Health blog!

Welcome students to our class blog. We will be using this space for class discussions to examine, evaluate, and share knowledge. Discussions provide opportunities for students to think critically on the topics we will be learning about in Health class. Concepts, assignments, and readings will be used as the basis for our discussions to create a positive learning community in which students are willing to share their ideas and to accept constructive criticism from their peers.

Monday, January 10, 2011

Chapter 27.5 Daniela Torres

Concept check 27.5
1. Explain how muscles work in pairs in moving limbs.


Muscles work in pairs when moving limbs. As a muscle contracts, it pulls on the attached bone. When a skeletal muscle is contracting, there is an opposing muscle-one that is relaxed, but can still contract and pull the bone back in the opposite direction.

2. Identify the structures that make up a skeletal muscle. Include these terms: muscle fiber, fascicle, myofibrils, actin, myosin, sarcomere.
An skeletal muscle is made up of a bundle of parallel muscle fibers (a fascicle), along with a supply of nerves and blood vessels. Each muscle fiber is an elongated (long) cylindrical muscle cell that contains many nuclei. Inside each muscle fiber there are bundles of smaller units called myofibrils.Each myofybril is made up of repeating units called sarcomeres. Each sarcomere is made up of two kinds of filaments: actin and myosin.

Actin is the thin rope like structure rapped around the thick filament that is myosin. Both of these filaments work together and are responsible for muscle contraction.

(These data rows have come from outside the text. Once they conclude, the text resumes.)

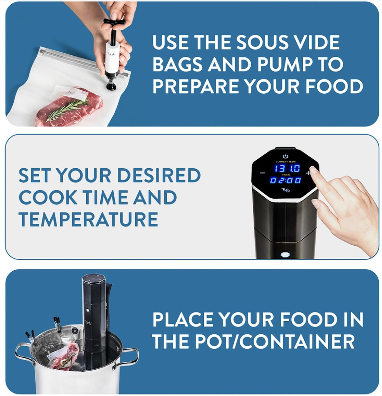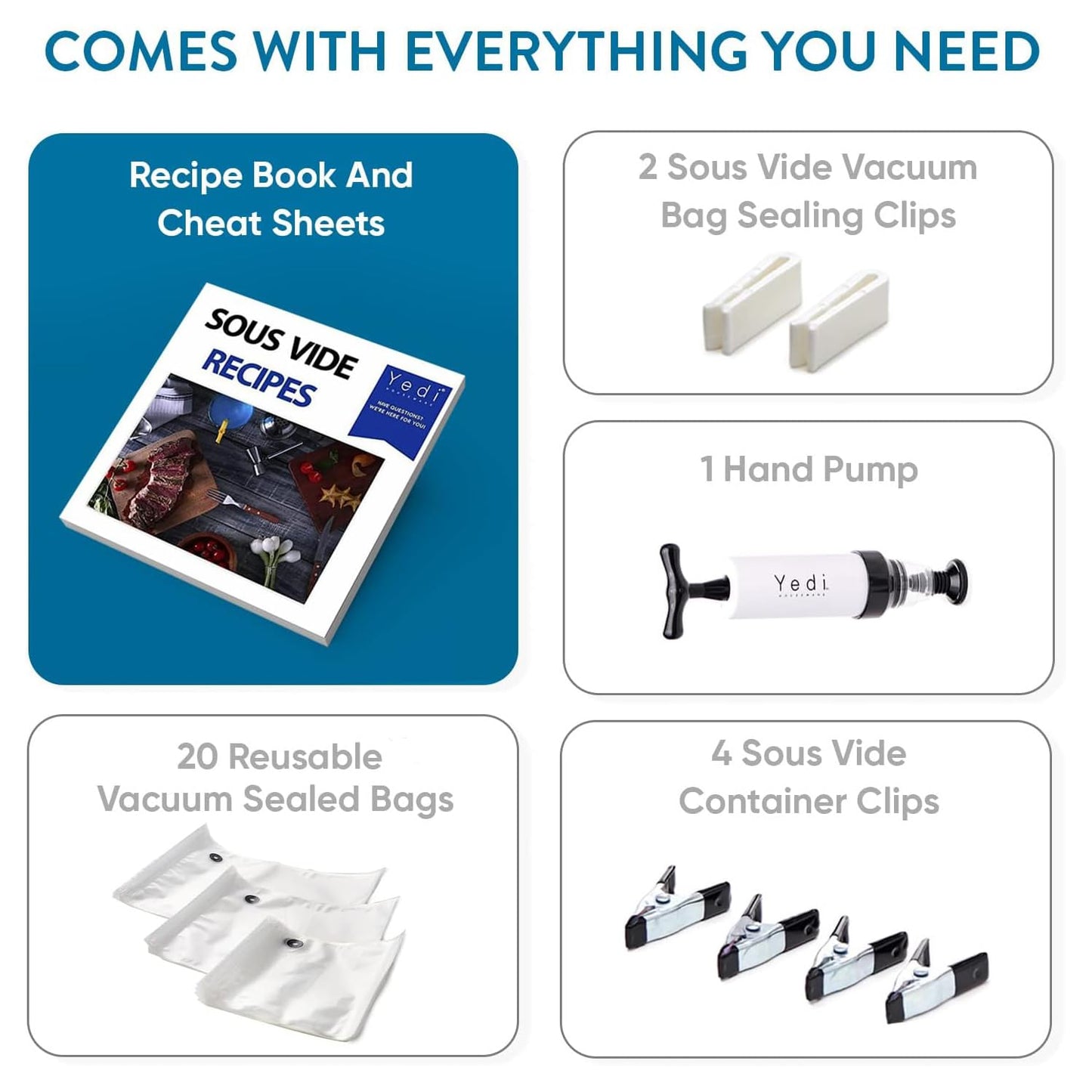 - SOUS VIDE DELUXE ACCESSORY KIT: Included is 1 hand pump, 20 Reusable BPA Free Vacuum Sealed Bags, 4 sous vide container clips, 2 sous vide vacuum bag sealing clips, Recipe Book and Cheat Sheets.
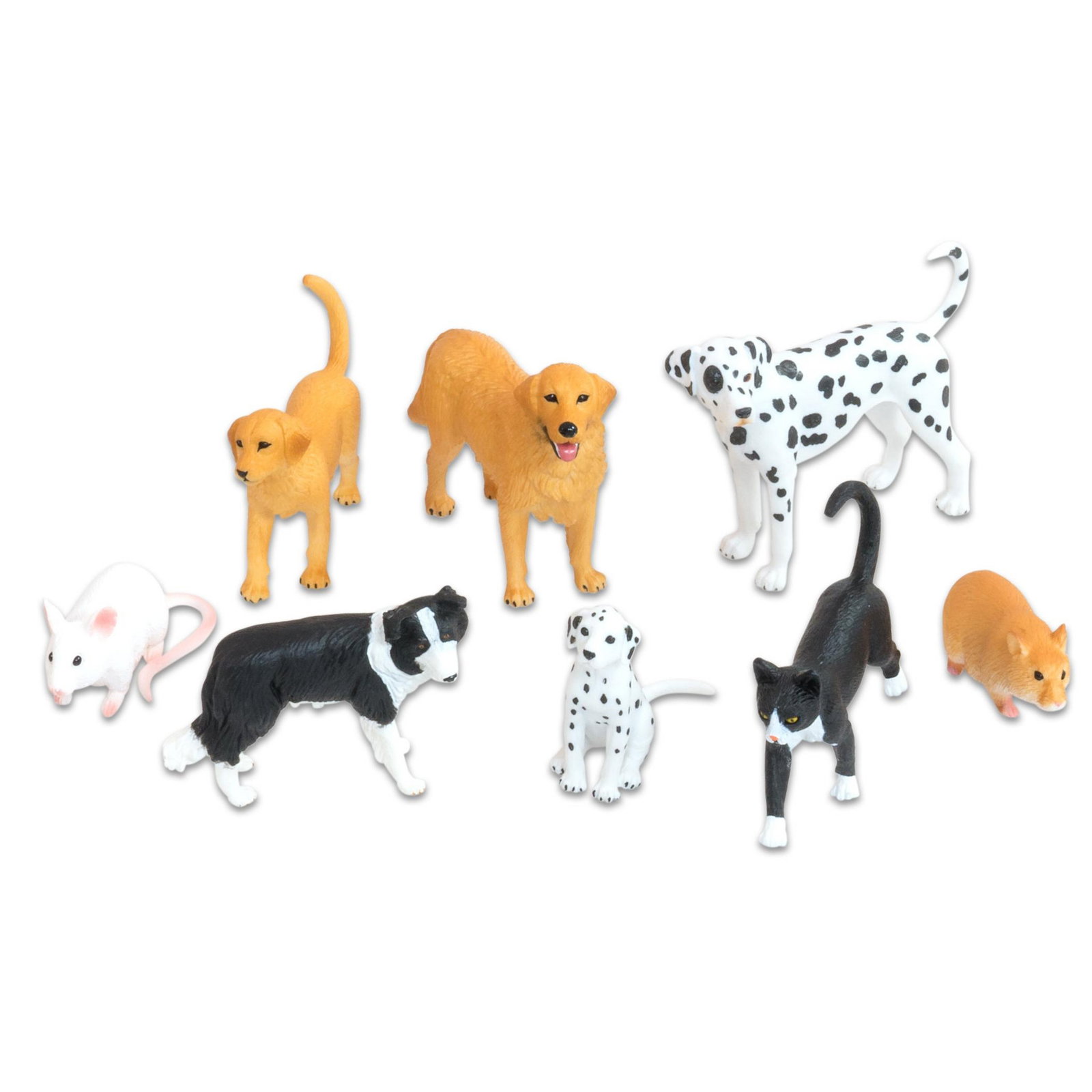 - Anzahl Teile: 8 Figuren (Golden Retriever, Golden Retriever Welpe, Dalmatiner, Dalmatiner Welpe, Border Collie, Katze, Maus, Hamster)
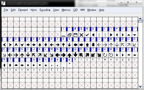 接下来我们要做的就是选择需要的字符,存到另一个字体文件里,因为WEBDINGS.TTF这个文件里的大多数字符都是用不到的,所以直接用这个文件来当我们的字符库有点略大,所以我们只需选择我们需要的就行,操作上我们先新建一个空白的字体文件,点File->New,然后选择需要的字符,并复制到新建的字体文件中,如:
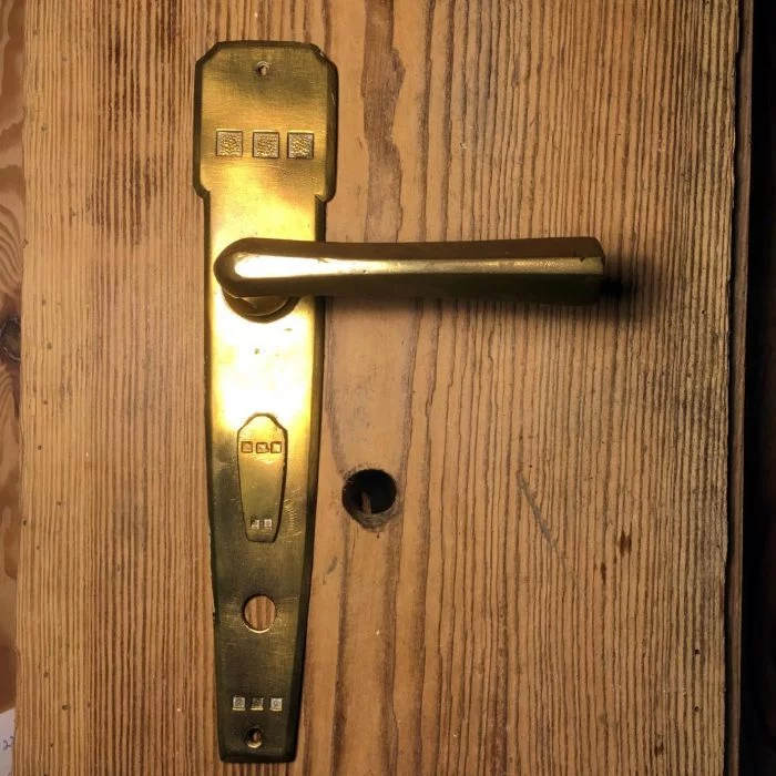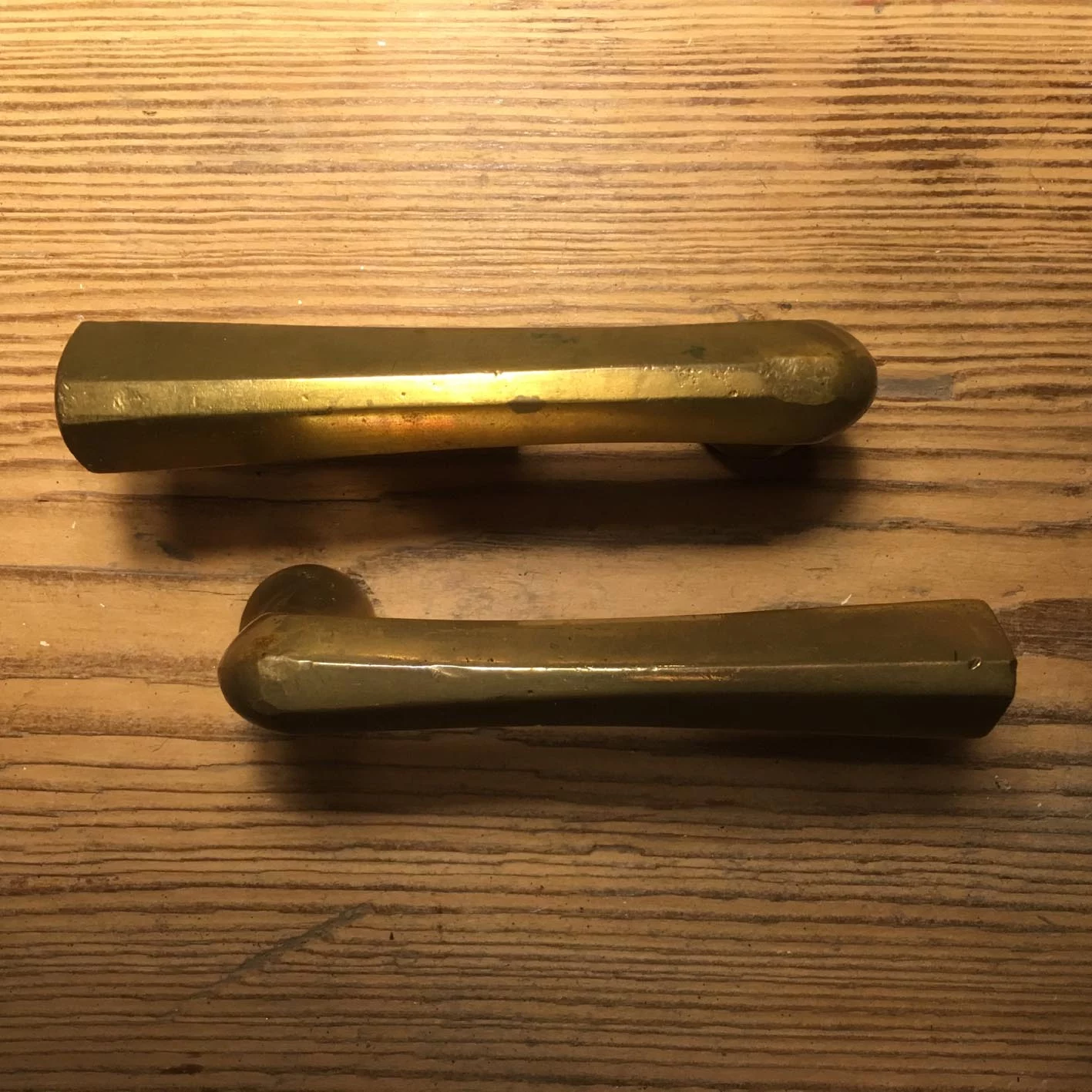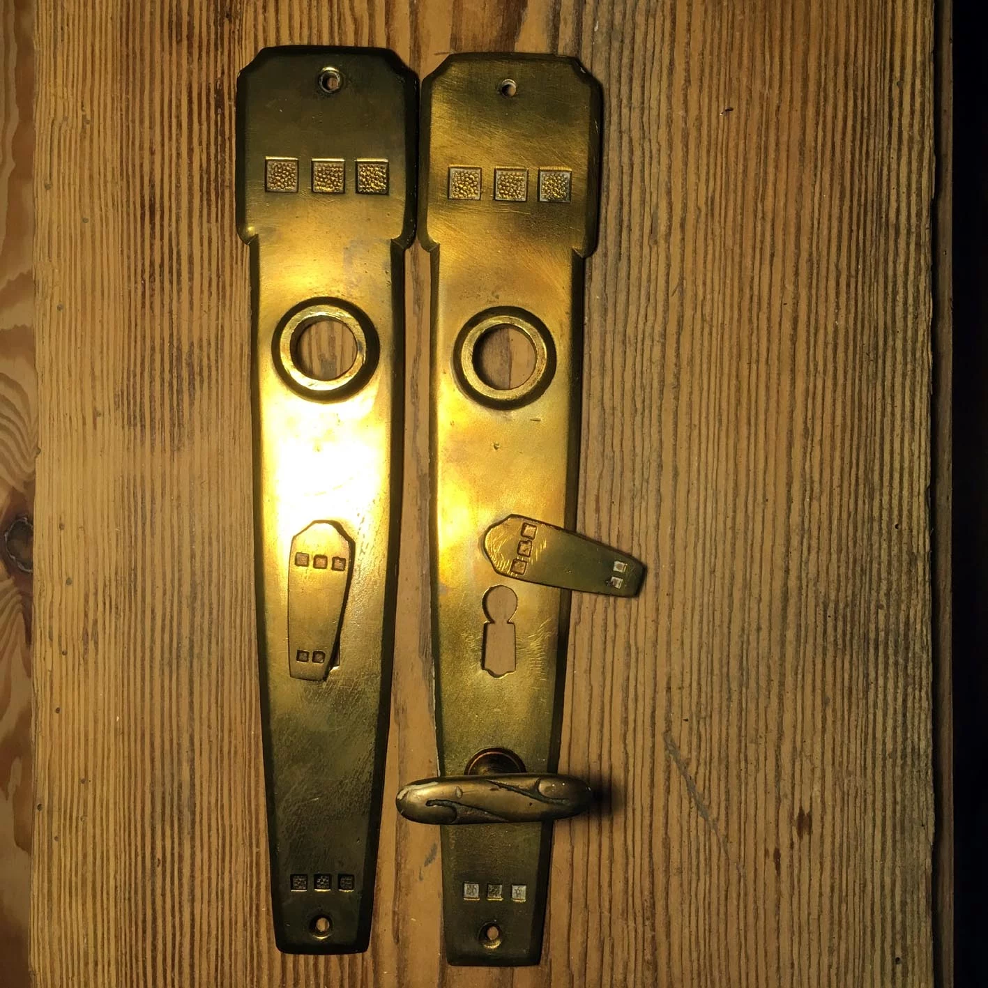 Sind Original Jugendstil Zimmertür Drückergarnituren aus Messingguss.
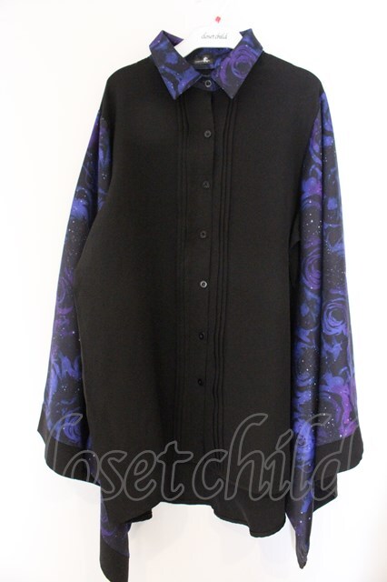 NieR Clothing / 着物風袖SHIRT【ROSE】 シャツ F ブラック×パープル O-26-04-07-015-PU-BL-OW-OS [2100080000079363-O-26-04-07-015-PU-BL-OW-OS]
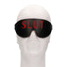 Bold cutout lettering reveals a vibrant red layer beneath, creating an eye-catching statement piece that combines playful confidence with sensory deprivation. The stitched faux leather construction ensures comfort and durability, making it an essential addition to your collection of pleasure accessories.
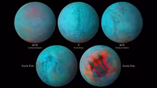 Pero algunas de las mismas características infrarrojas también aparecen en el hemisferio norte. Eso les dice a los científicos no solo que el área norte está cubierta de hielo fresco, sino que el mismo tipo de actividad geológica --una reconfiguración del paisaje-- ha ocurrido en ambos hemisferios. Esta reconfiguración en el norte puede deberse a chorros de hielo o a un movimiento más gradual del hielo a través de fracturas en la corteza, desde el subsuelo del océano hasta la superficie.
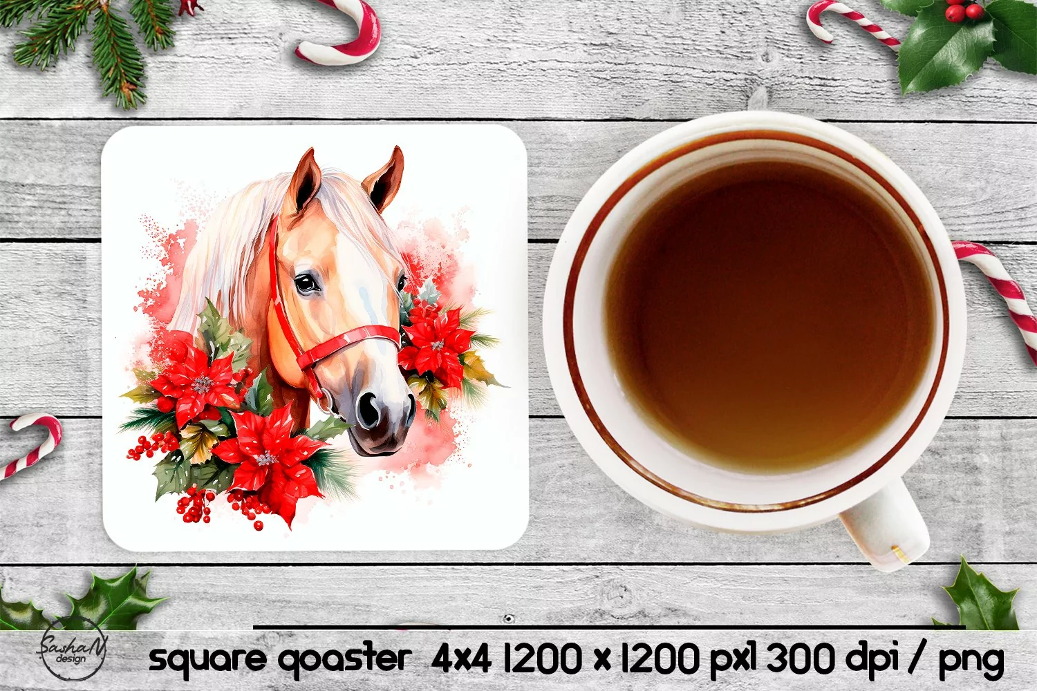 Watercolor Christmas Christmas Sublimation Horse Watercolor Floral Horse Christmas Horse Square Coasters Coaster Design Christmas Horse Sublimation Coaster Sublimation Square Coasters Sublimation Designs
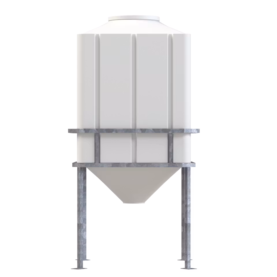 Rektangulär tank med konisk botten 2000 lit. Polyeten, lämplig för användning i vattenbehandlings eller kemikalieindustrin, jordbruk och livsmedelsproduktion. Naturell konisk öppen . Botten D 200 mm, kona 45°.
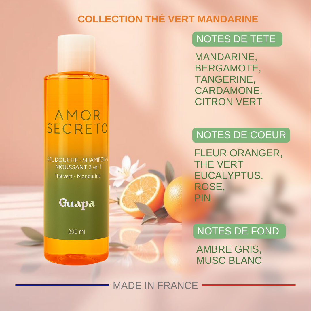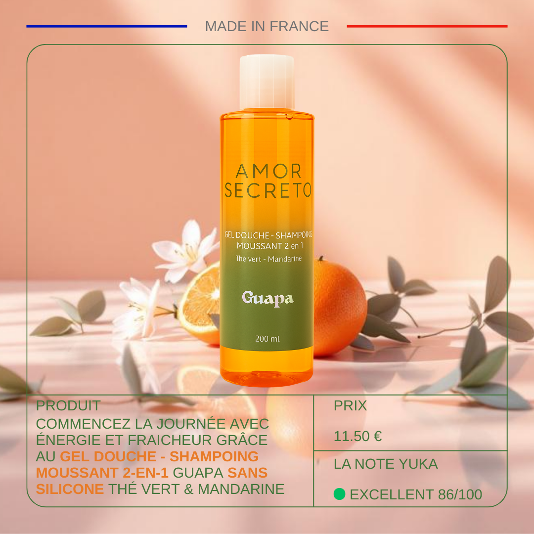 Commencez la journée avec une vague d’énergie grâce au gel douche - shampoing 2-en-1 GUAPA Thé Vert / Mandarine.
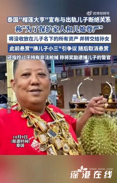 【泰国榴莲大亨与出轨儿子断绝关系】泰国榴莲大亨阿农·罗通在社交媒体上公开发布了一则令人震惊的悬赏:任何人对儿子情人“动手”,就能获得3万泰铢奖励。这场家庭伦理剧迅速演变成全国关注的公共事件。“我愿意给任何打我儿子情妇的人3万泰铢的赏金。你们必须至少扇她十个耳光。”这是泰国知名榴莲商人阿农·罗通近日在社交媒体上发布的惊人帖子。他声称,这项悬赏长期有效,直到女方同意结束与他儿子的关系。此举立即在泰国社交媒体上引发轩然大波,有人谴责其宣扬暴力,也有人赞赏他保护儿媳的举动。面对愈演愈烈的争议,阿农最终撤回了悬赏,并宣布与儿子断绝关系,没收放在儿子名下的所有资产,转交给孙女。
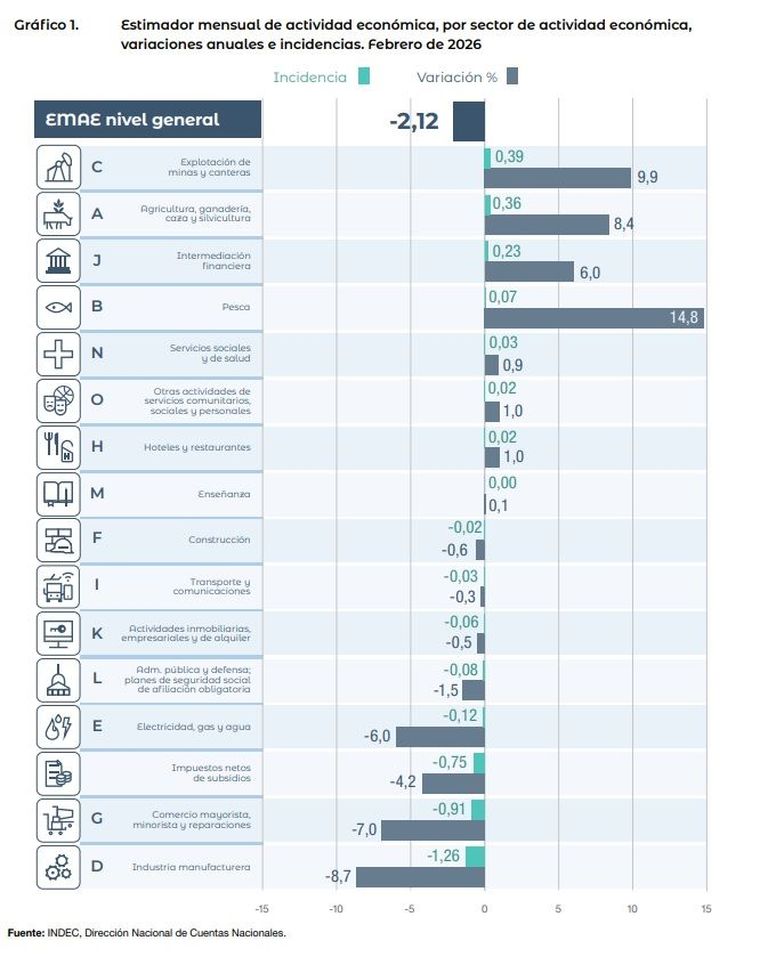 Con relación a igual mes de 2025, ocho de los sectores de actividad que conforman el EMAE registraron subas en febrero. Se destacaron Pesca (14,8%) y Explotación de minas y canteras (9,9%). La actividad de Explotación de minas y canteras (9,9%) fue a su vez la de mayor incidencia positiva en la variación interanual del EMAE, seguida de Agricultura, ganadería, caza y silvicultura (8,4%).
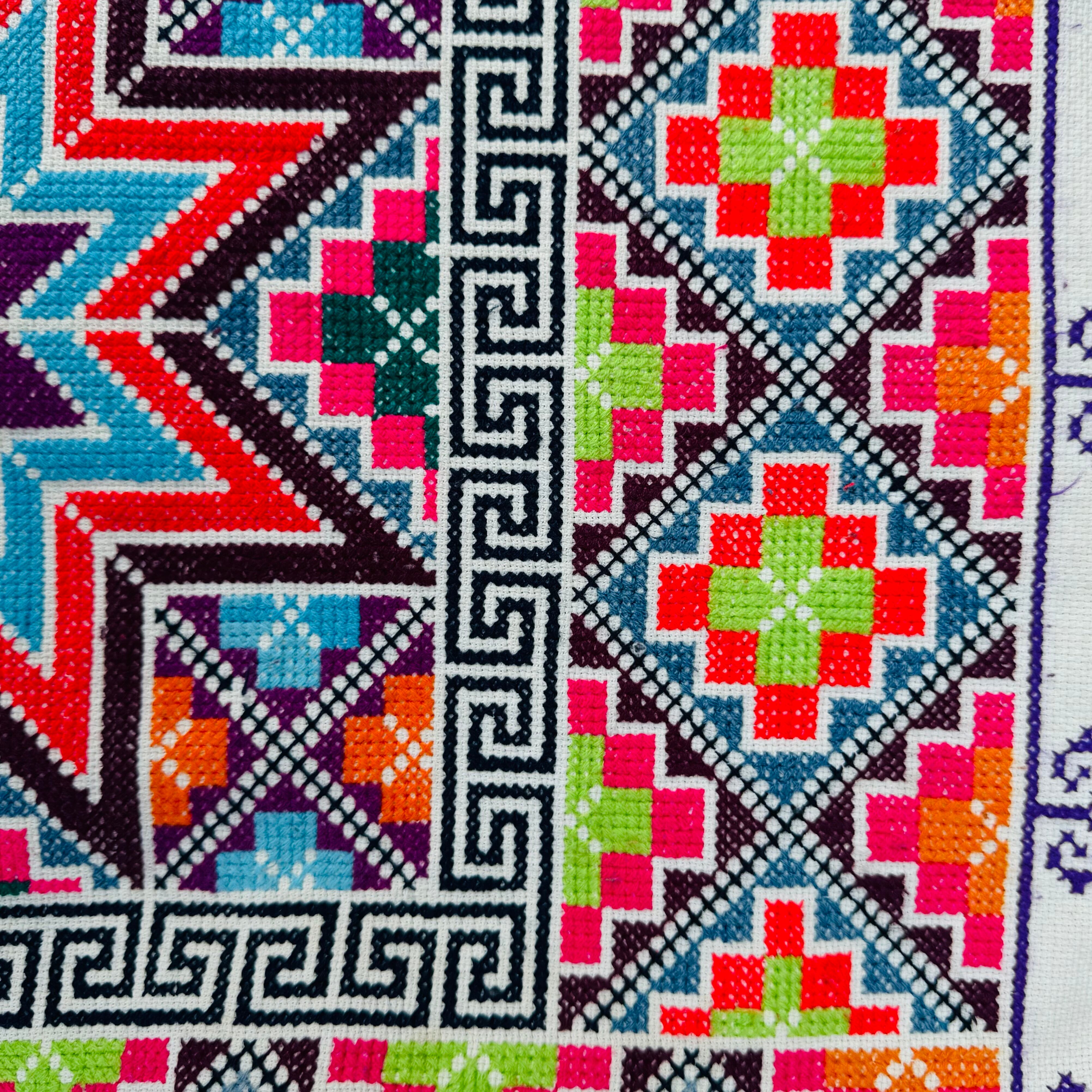 鮮やかな幾何学模様と花文様が目を惹く、エスニックテイストのマルチカバーです。

3. Identify at least 3 organ systems involved in a handshake. Describe WHAT each system contributes to the handshake.
1. First, all the main coordination occurs in the brain when the eyes sense the presence of another person and sends signal to brain.
2. Later on, the information on the brain decides to initiate the handshake.
3. The other brain regions send out messages along the nerves to an array of muscles.
4.After the response consists of a series of relaxation and contraction of various muscles from the back, forearm, shoulder, wrist, and upper arm.
5. Finally many muscles amnipulate the 27 bones in the hand.
During this whole process the nervous system contributes by sending the signals to the brain of what is happening, how, and when and how to perform the response to the signal taken.
The circulatory system contributes to this process by providing a constant supply of oxygen and nutrients through the blood vessels to make the muscles move.
Finally, the intergumentary system senses the response(the final handshake) and sends this response to the brain. plus, it protects the inner strucutres of the hand needed to perform the hand shake initiallly.

4. Explain how actin and myosin interact as a muscle cell contracts.

Actin and myosin interact as a muscle cell contracts in the following way:
1. First myosin heads bind to thin filaments.
2. Later the myosin heads bends pulling the thin filaments towards the sarcomere.
3. Later on, ATP binds to each myosin head freeing it from the thin filament.
4. By this the myosin is free to attach to a new spot and further pull the thin filament along.
5.Filaments dont get shorter; they simply just overlap each other.
6. Consequently the sarcomere shortens.
7. This process continues until sarcomere contracts.
8.As the sarcomeres of many muscle fibers shorten, the muscle contracts.

1 comment:

  1. "As a muscle contracts, it pulls on the attached bone" I agree with this but i think that the word is relaxes not pulls.